I see that Laloos brand uses: Goat milk, evaporated cane juice, egg yolks, locust bean gum, guar gum and carrageenan. I also found a recipe where the only hydrocolloid is "arrowroot" (cream, egg yolks, maple syrup, arrowroot). 

For 1 (or 2 quarts) of Goat Milk Ice Cream - HOW MUCH in MEASUREMENT of these hydrocolloids and in what combination would you find the best to achieve this. The simpler the better but sometimes it takes tweaking with a few of these to get what you want. I am trying to use one or a combination of these natural gelling agents - not manufactured ones.

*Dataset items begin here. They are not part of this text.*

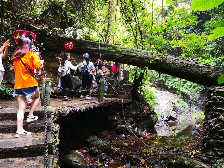 融水雙龍溝有五奇:樹、藤、瀑、橋、溪,即樹木悠古、藤奇百繞、瀑飛涓秀、橋情綽影、溪流潺潺,其中廣西首座玻璃懸索橋?yàn)榫皡^(qū)亮點(diǎn),而要到達(dá)玻璃橋“這個彼岸”,必須登山行進(jìn)一定的距離,大家組成登山團(tuán)隊(duì),互相協(xié)助,在游覽的過程中,身體和毅力都得到了鍛煉,沿途的瀑布群、高山空中棧道、古樹叢林等美好風(fēng)景,都是努力的收獲,但更讓人開心的是到達(dá)彼岸之后的分享和共融,這也是團(tuán)隊(duì)繼續(xù)向下一個彼岸進(jìn)軍的動力。
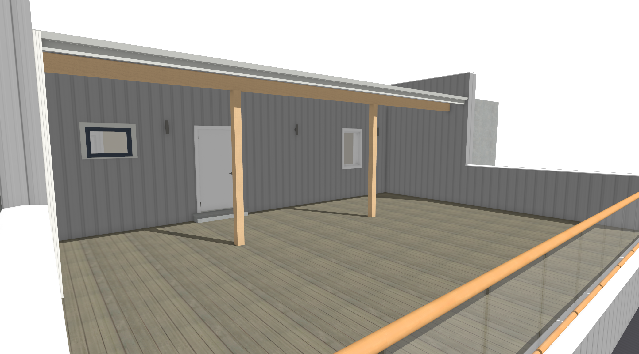 a stylish rooftop patio designed for comfort and versatility featuring a thoughtfully arranged selection of common outdoor furniture the space includes cozy lounge chairs a central coffee table and a dining set perfect for casual meals or entertaining guests neutral toned cushions add warmth and invite relaxation while durable materials ensure the furniture stands up to the elements the open layout allows for easy movement and socializing making it ideal for both quiet evenings and lively gatherings siding is a ribbed grey metal railing is glass and aluminum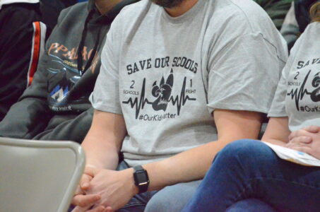 - Many of the 100 that attended Wednesday’s session in “Save Our Schools” shirts.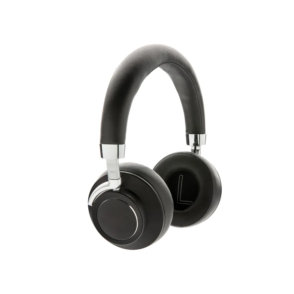 aluminium and PU. The headphones use BT 4.2 for smooth operation and connectivity. The 250 mAh battery allows you to enjoy up to 8 hours play. With built in microphone to answer calls. The item can be folded flat into the included pouch to enable you to take the headphones wherever you go. Packed in luxury gift box.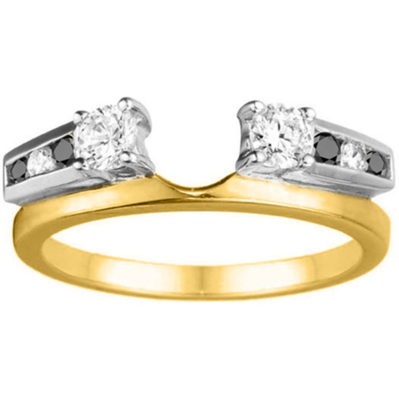 This ring wrap has 8 stones in total. It features a mix of round and round prong set stones with a total combined weight of 0.4 carats. It has a total width of 1.9 millimeters and has a traditional high polish finish. This ring wrap is made to fit a round solitaire from 0.5 carat up to 1 carat, or a marquise solitaire from 0.25 carat up to 0.5 carat, or a princess solitaire from 0.5 carat up to 1 carat.
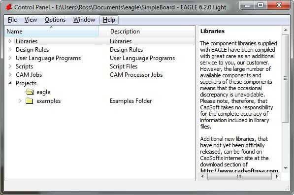 --Las bibliotecas (archivos .lbr) Guarde las piezas individuales que se agregan a la tabla.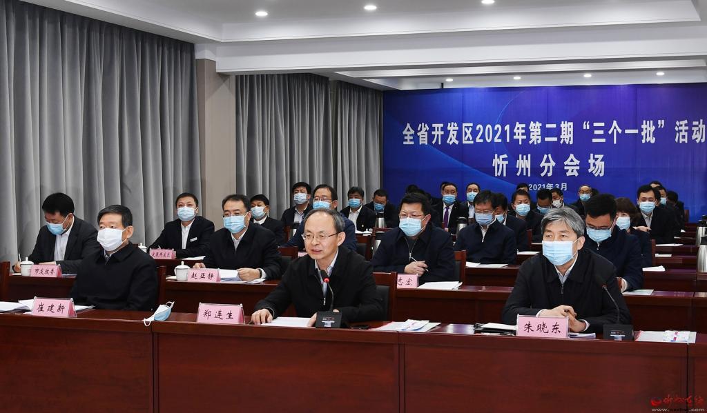 鄭連生在忻州分會(huì)場(chǎng)匯報(bào)工作。劉紀(jì)森 攝 鄭連生向省委、省政府匯報(bào)忻州開發(fā)區(qū)2021年第二期“三個(gè)一批”活動(dòng)情況。忻州按照省委省政府開發(fā)區(qū)“三個(gè)一批”活動(dòng)安排部署,認(rèn)真堅(jiān)持“四比四看”,統(tǒng)籌包裝、招商、簽約、落地、開工、建設(shè)、投產(chǎn)“七個(gè)一批”滾動(dòng)閉環(huán)推進(jìn),努力促進(jìn)項(xiàng)目建設(shè)順利進(jìn)行。此次全市開發(fā)區(qū)“三個(gè)一批”活動(dòng),集中簽約項(xiàng)目44個(gè)、總投資89.99億元,涉及高端裝備制造、新材料、節(jié)能環(huán)保、現(xiàn)代農(nóng)業(yè)、現(xiàn)代服務(wù)業(yè)等行業(yè)領(lǐng)域;集中開工項(xiàng)目41個(gè)、總投資120.46億元,涉及高端裝備制造、新材料、生物醫(yī)藥、現(xiàn)代農(nóng)業(yè)等行業(yè)領(lǐng)域;集中投產(chǎn)項(xiàng)目25個(gè)、總投資44.2億元,涉及現(xiàn)代服務(wù)業(yè)、生物醫(yī)藥、高端裝備制造、新材料、現(xiàn)代農(nóng)業(yè)等行業(yè)領(lǐng)域。 鄭連生表示,下一步,忻州將繼續(xù)認(rèn)真貫徹省委、省政府關(guān)于開發(fā)區(qū)“三個(gè)一批”活動(dòng)的決策部署,繼續(xù)堅(jiān)持項(xiàng)目為王,聚焦“六新”突破,加快完成開發(fā)區(qū)二次改革,切實(shí)以“三個(gè)一批”活動(dòng)有力推動(dòng)開發(fā)區(qū)高質(zhì)量高速度轉(zhuǎn)型發(fā)展。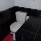 - أسود. غير مناسب لحمام صغير جدًا. يمكن دمجه مع البلاط الأبيض. مناسب للأسلوب الحديث.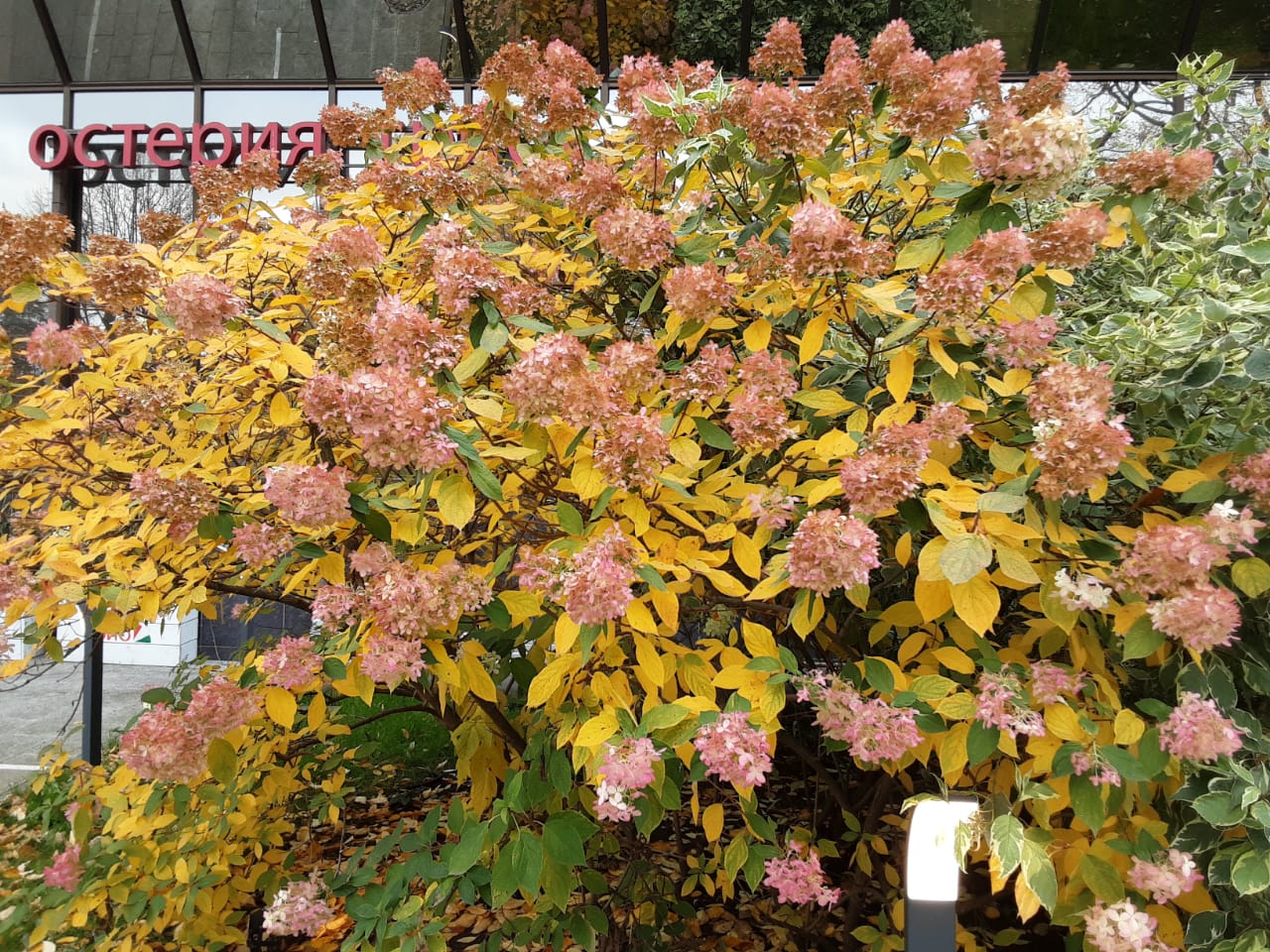 Я отдала ей метельчатые и древовидные гортензии , и теперь они там, у этого забора.

Hope someone finds this challenge interesting and I will hear some feedback. Thank you!!
Beebo


----------



## boar_d_laze (Feb 13, 2008)

Beebo, 

I don't think you quite get what most of the emulsifiers, hydrocolloids, stabilizers, etc., do in ice cream. They don't so much control the final texture, as you seem to think, but keep the ice cream free from ice crystals as it warms up and cools down in the service/storage cycle. Since you're making your ice cream at home, not shipping it, not subjecting it to partial melts and refreezes, this isn't really an issue for you. The thickeners basically act as a substitute for fat. That also doesn't seem to be in issue. At least you haven't mentioned it. You have mentioned a distaste for custards, but if you want smooth -- we're stuck with using heat to cook the base -- then gently removing it by chilling the base thoroughly before freezing. 

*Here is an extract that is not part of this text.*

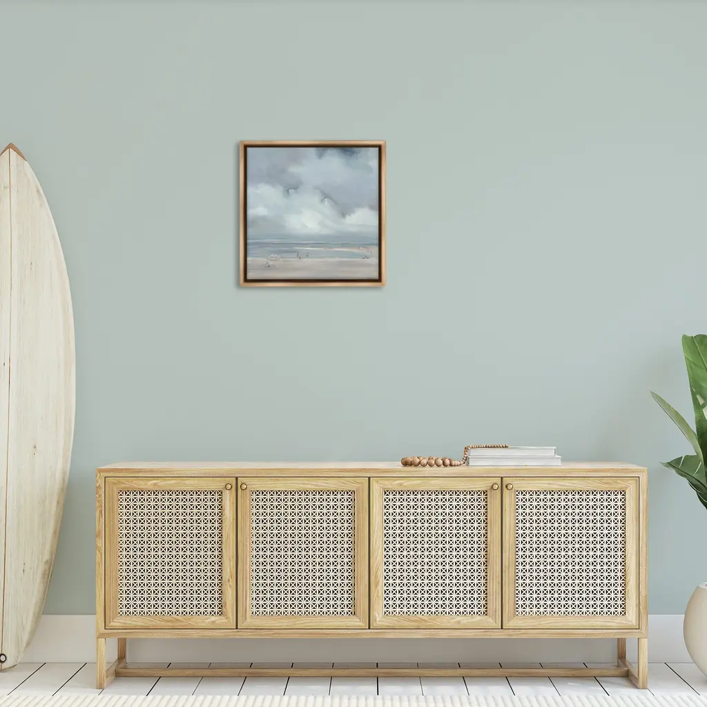 Elevate your home or office to the next level with Stupell Framed Floating Canvas Wall Art. Our premium hand-stretched canvas is mounted securely into a sturdy lightweight frame. The museum-style gap between the wrapped canvas and the box frame gives the illusion of floating artwork. Stupell Wall Art is made in the USA.Features: Dimensions: 18 x 1.7 x 18 Frame, 17 x 1.5 x 17 Canvas ArtFloating Frame Canvas Products are available in sizes 18"x18" and 25"x25". All Floating Frame Canvas Products have a 1.7" Depth.Wall Art is Ready to Hang with Hardware Free Hanging. No Installation required. For Easy Set Up Lean or Layer Artwork on Shelf or Against Wall. Artwork is Permently Fixed into the Frame.Our elevated 1.7" Thick Floating Frame is the perfect complement to our canvas style Wall Art. We use only the highest quality inks in house with industry leading printing solutions. Canvas is hand stretched over a durable wood foundation and then mounted securly into a Modern Box Frame. Made in the USA.Artwork Relates To: Sky, Painting, Scenery, Person, Horizon, Cloud, Sea, Water, Weather, FogDesign by Liz Jardine

One of the right techniques for controlling ice cream texture is with fat via egg yolk and percentage of butterfat. Since goat cream per se isn't what you'd call available, we'll forego the butterfat option and add fat in the form of egg yolks. The yolks will also help with texture with emulsification processes and "tightening" over heat. Heating the eggs to make a custard base is another way to control texture, then sieving to remove any bubbles. FWIW, you might want to think about the fact that you need hot milk to incorporate most of the emulsifiers and hydrocolloids anyway. So, taking this option isn't going to put you out any. 

Indeed, whenever the terms "smooth," "velvety" or "silky" describe the desired result for the diner, the chef's mind should be thinking "sieve," "Chinese cap," and "tamis." 

A good starting recipe for rich goat ice cream would go something like this:

3 cups goat milk
2 whole vanilla beans
4 egg yolks
3/4 cup honey

Put goat milk in a sauce pan. Split vanilla beans, scrape the bean interior into the milk, add the scraped pods, and bring to a bare simmer. Remove from heat, sieve and return vanilla pods to the milk. 

While milk is coming to heat, beat egg yolks until smooth and lemon colored. Remove the vanilla pods from the milk, and whisk the honey in. When the honey is incorporated, add the milk to the eggs, and mix thoroughly. Let stand to cool for a few minutes, and for the bubbles to settle. Sieve a second time. Cover with cling wrap, and hold in refrigerator until cold. When well chilled, you may process in ice cream freezer. Makes about a quart.

Note the simplicity -- which is a hallmark of any good home made ice cream recipe. 

You can, if you like, cut down the egg yolks to one whole egg; add 2 tsp of powdered gelatin bloomed in 2 tsp water, and 1 tbs corn starch. Reserve 1/2 cup milk. Mix the corn starch and honey into the remainder, bring the milk and starch to a simmer, and when milk thickens remove from heat. Mix the egg into the milk, temper it with a little of the hot milk, then pour the egg mix into the milk. Return to the heat and bring to the boil, stirring constantly. Remove and allow to cool for a few minutes. Add vanilla extract to taste. Add bloomed gelatin. Sieve. Chill. When well chilled, you may process in ice cream freezer. 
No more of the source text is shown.